**** Information provided

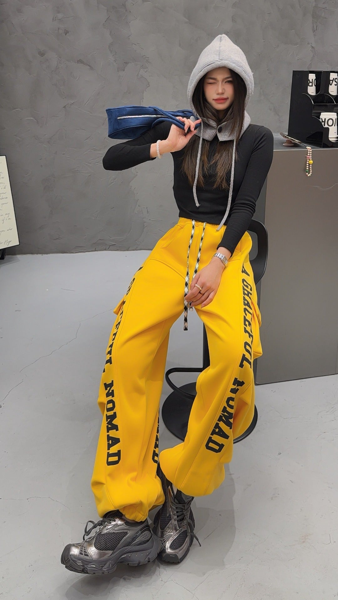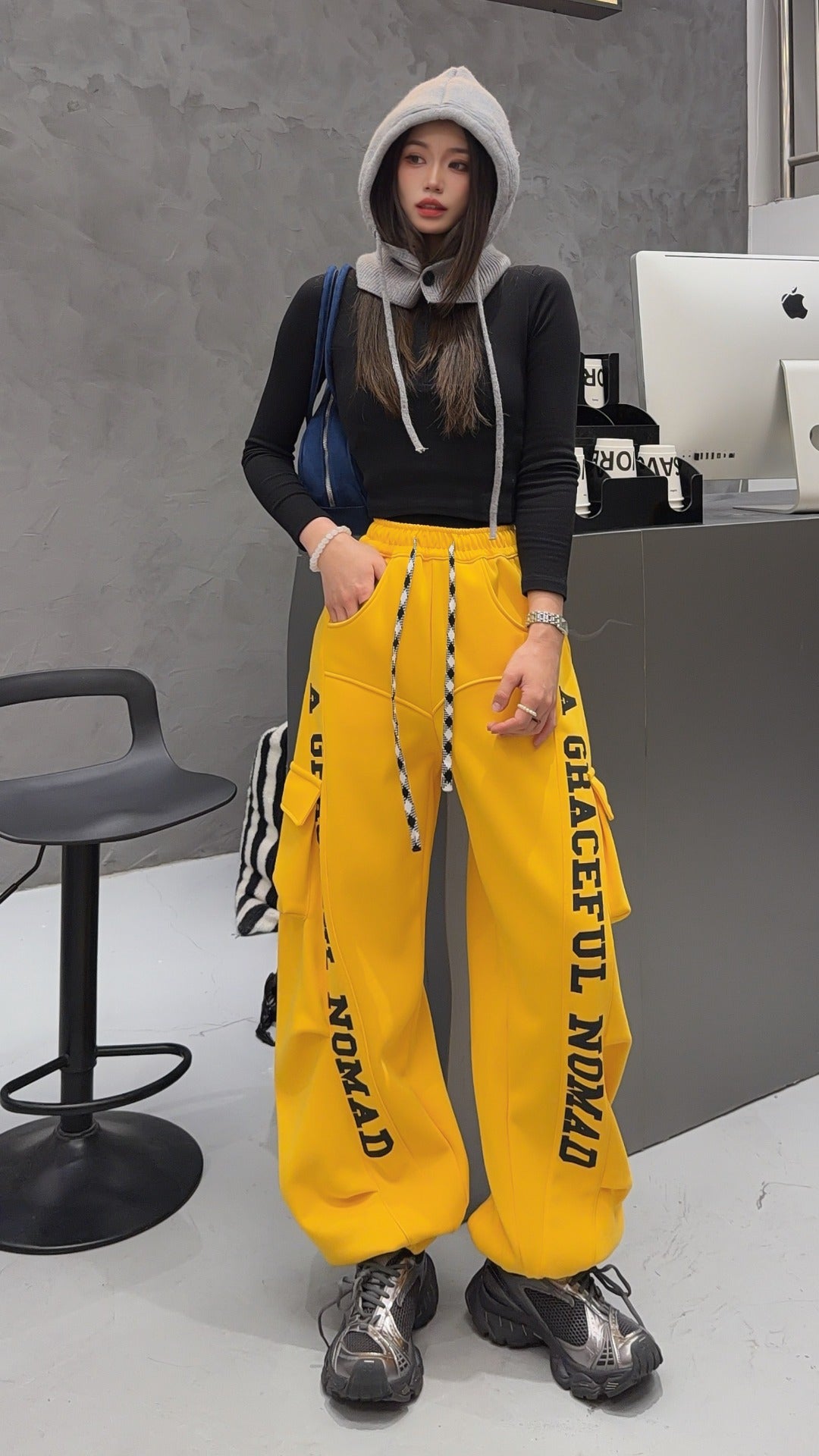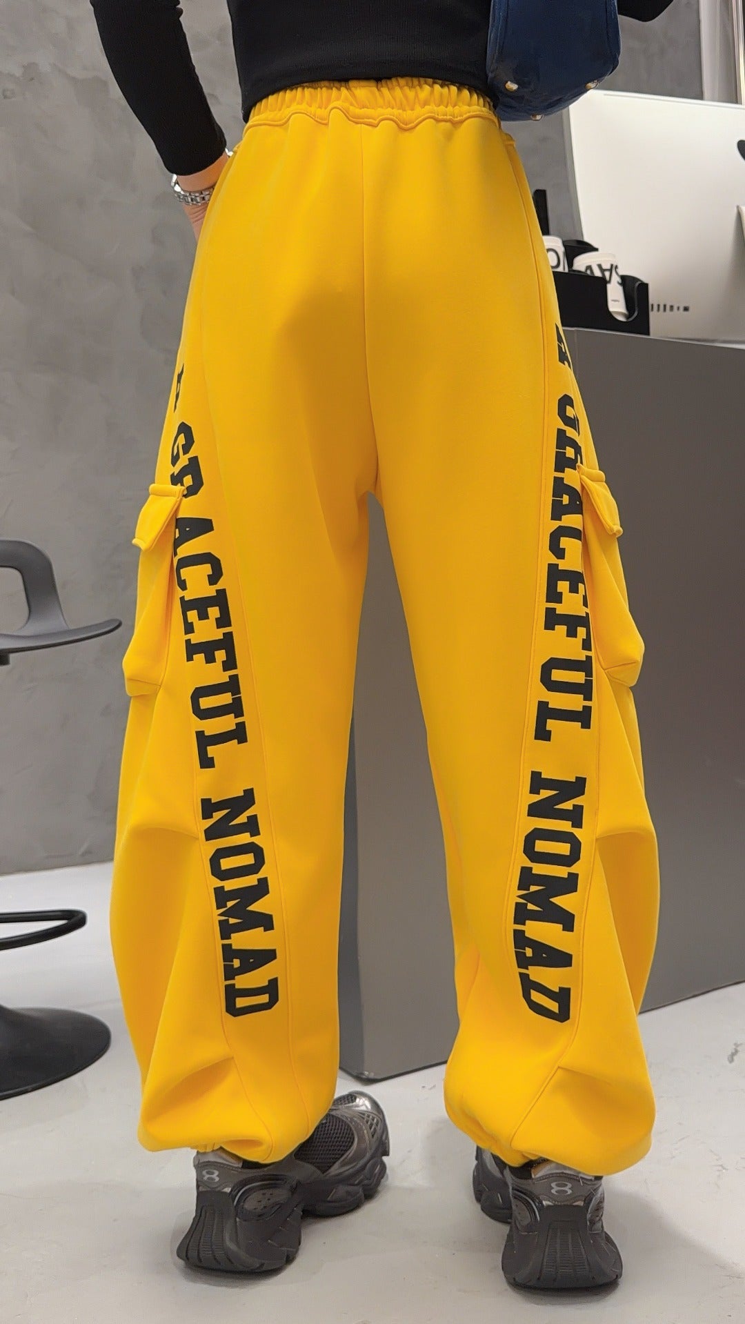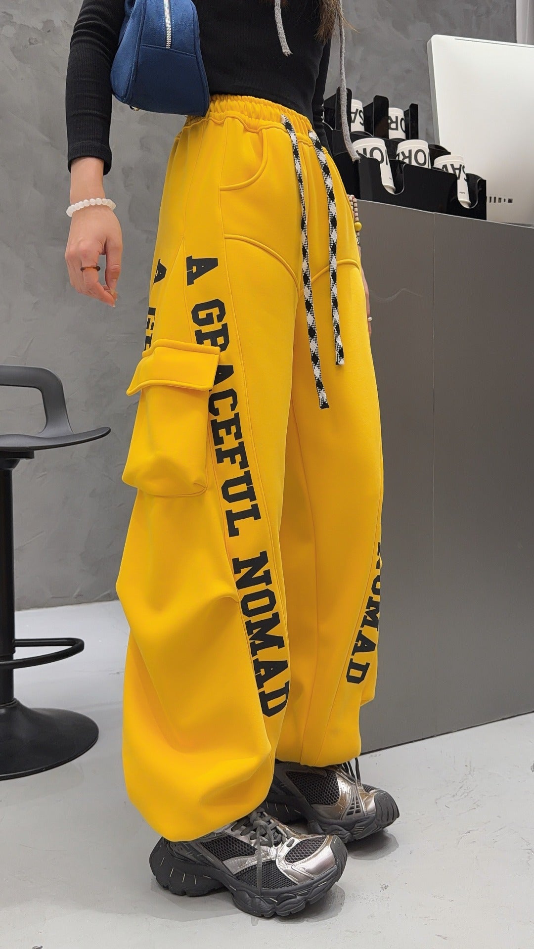 🄶🅁🄾🅄🄽🄳♾🅉🄴🅁🄾25-26SS♾無性別穿搭OverSize美式新款口袋字母彎刀束口長褲
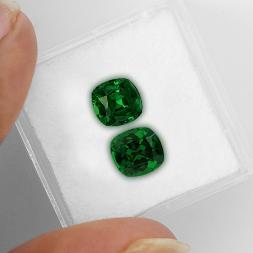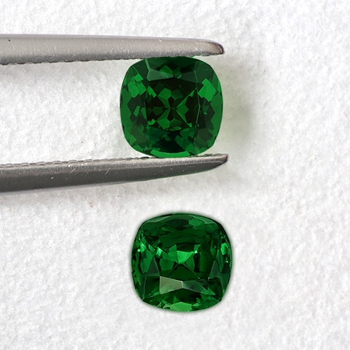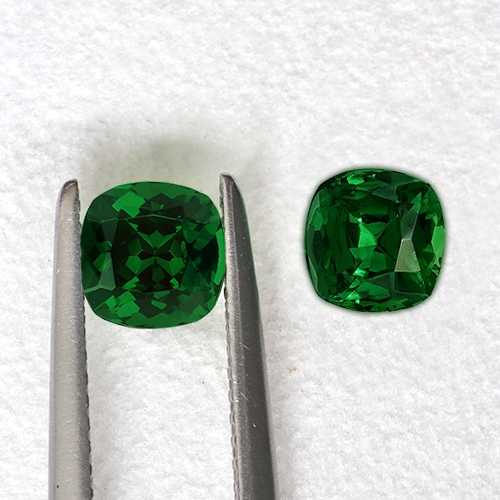 Superb. This gorgeous matched pair of cushions boasts top color grade, flawless clarity and plenty of brilliance. Absolutely top grade in all respects.
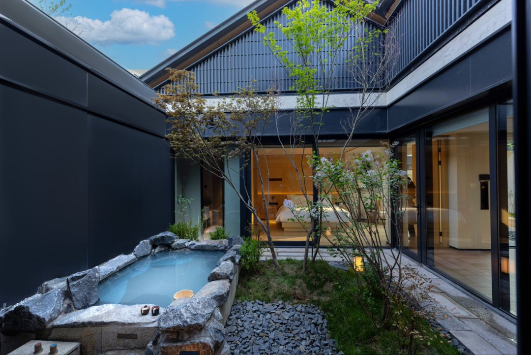 湾里一瓢以「运河底蕴+禅意留白」为设计核心,是2026年全新启幕的一瓢品牌第五店,也是品牌高端化里程碑之作,同年与小汤一瓢共同入围携程中国温泉泡汤酒店50强。酒店紧邻环球影城、汀云小镇,畅享一站式度假。内有7座独立庭院,43间房43个泡池各不相同,夜晚可枕星而泡。

********

**Problem requirements:** Minus its pictures, the full listing should be copied verbatim.

**Your response:**
 🄶🅁🄾🅄🄽🄳♾🅉🄴🅁🄾25-26SS♾無性別穿搭OverSize美式新款口袋字母彎刀束口長褲
 Superb. This gorgeous matched pair of cushions boasts top color grade, flawless clarity and plenty of brilliance. Absolutely top grade in all respects.
 湾里一瓢以「运河底蕴+禅意留白」为设计核心,是2026年全新启幕的一瓢品牌第五店,也是品牌高端化里程碑之作,同年与小汤一瓢共同入围携程中国温泉泡汤酒店50强。酒店紧邻环球影城、汀云小镇,畅享一站式度假。内有7座独立庭院,43间房43个泡池各不相同,夜晚可枕星而泡。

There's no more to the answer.